About this task
Would you retype, word for word, only the lines from the one holding "Поначалу просьбу скорректировать" through the final line of the entries below, without the pictures?

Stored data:
------------------------------------------------

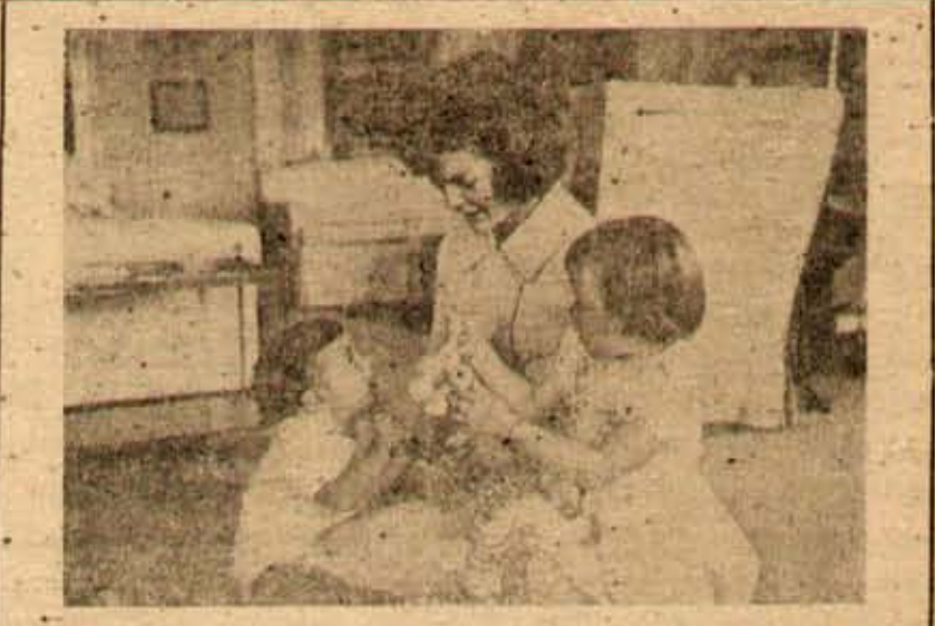
ఆమెరికా అధ్యక్షుడు శ్రీ కెన్నెడీ సతిమణి శ్రీమతి జాక్విలీన్ కు తన పిల్లలతో కాలక్షేపానికంటే సరదాఅయిన విషయం వెల్లడవుతోంది. శ్రీమతి జాక్విలీన్ 12 తేదీ భారతదేశం చేరుతున్నారు.

కాబట్టి ఎక్కువగా క్రాంతి వచ్చింది. ఆరున్నాలు డి.ఎల్.ఎ. యొక్క దళాలు. తమ సాయంతోనే మన ప్రాంతాల్లో చేరారు. ఆరున్నాలు డి.ఎల్.ఎ. యొక్క దళాలు. తమ సాయంతోనే మన ప్రాంతాల్లో చేరారు. ఆరున్నాలు డి.ఎల్.ఎ. యొక్క దళాలు.
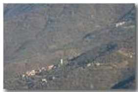
Valbrevenna, sinistra orografica: frazione Frassinello

Pietro Marcheselli - Canon EOS 300D 2008 - Inverno - ValBrevenna - Paesi
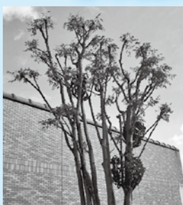
「樹ノ地球」 坂井ヒロミ作 歴史民俗資料館前
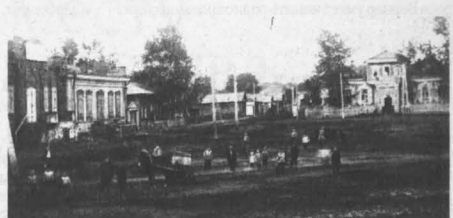
Сейчас Советская площадь в Новокузнецке располагается на месте бывших Соборной и Базарной площадей.

Поначалу просьбу скорректировать план главное управление Западной Сибири отклонило. Тогда 12 июля 1840 года кузнецкое общество от имени городского судьи Рудакова вновь обратилось с прошением, но уже в Министерстве внутренних дел, к его управляющему графу А.А. Строганову. Тот отправил
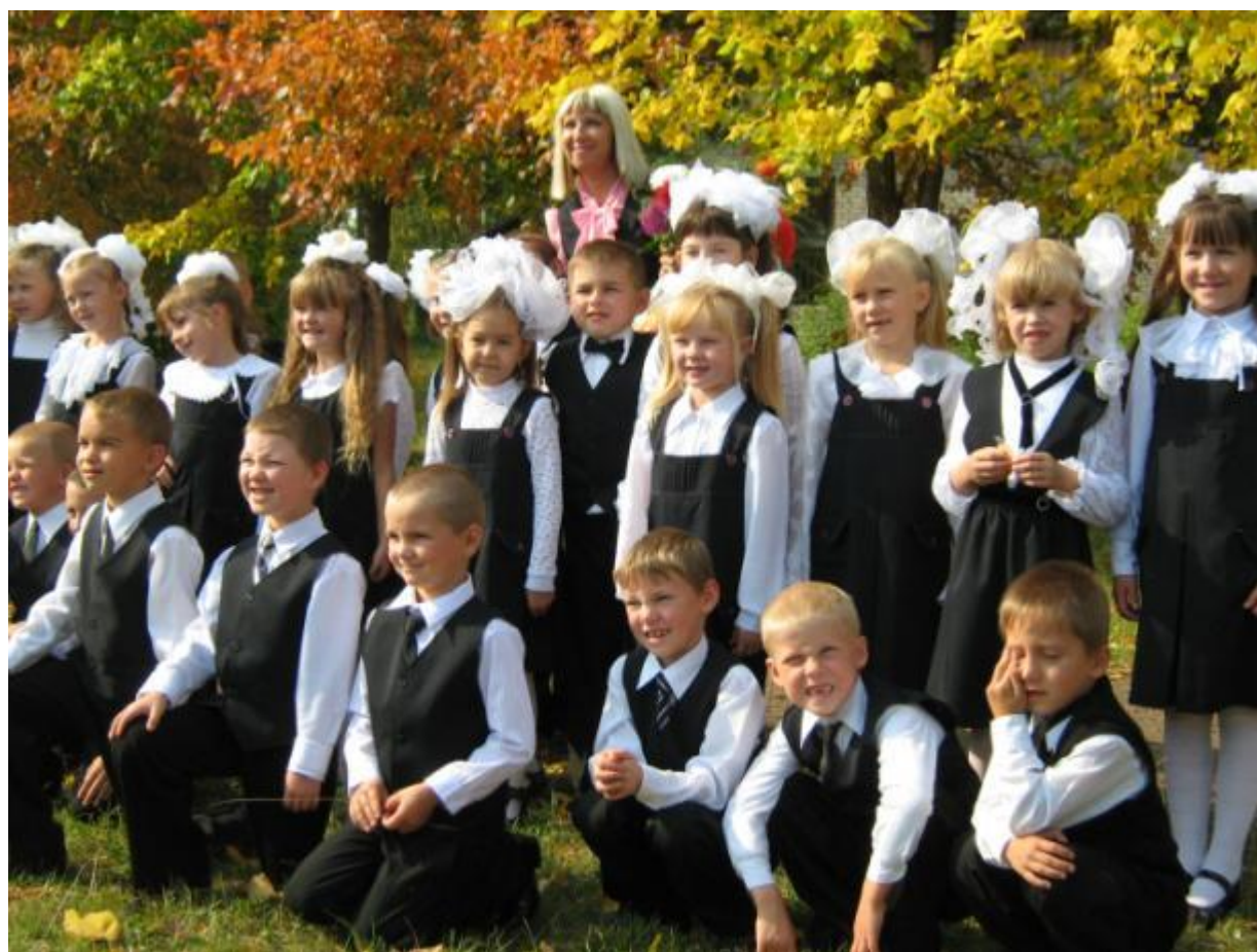
1 класс (01.09.2011г.)

------------------------------------------------

Answer below
Поначалу просьбу скорректировать план главное управление Западной Сибири отклонило. Тогда 12 июля 1840 года кузнецкое общество от имени городского судьи Рудакова вновь обратилось с прошением, но уже в Министерстве внутренних дел, к его управляющему графу А.А. Строганову. Тот отправил
1 класс (01.09.2011г.)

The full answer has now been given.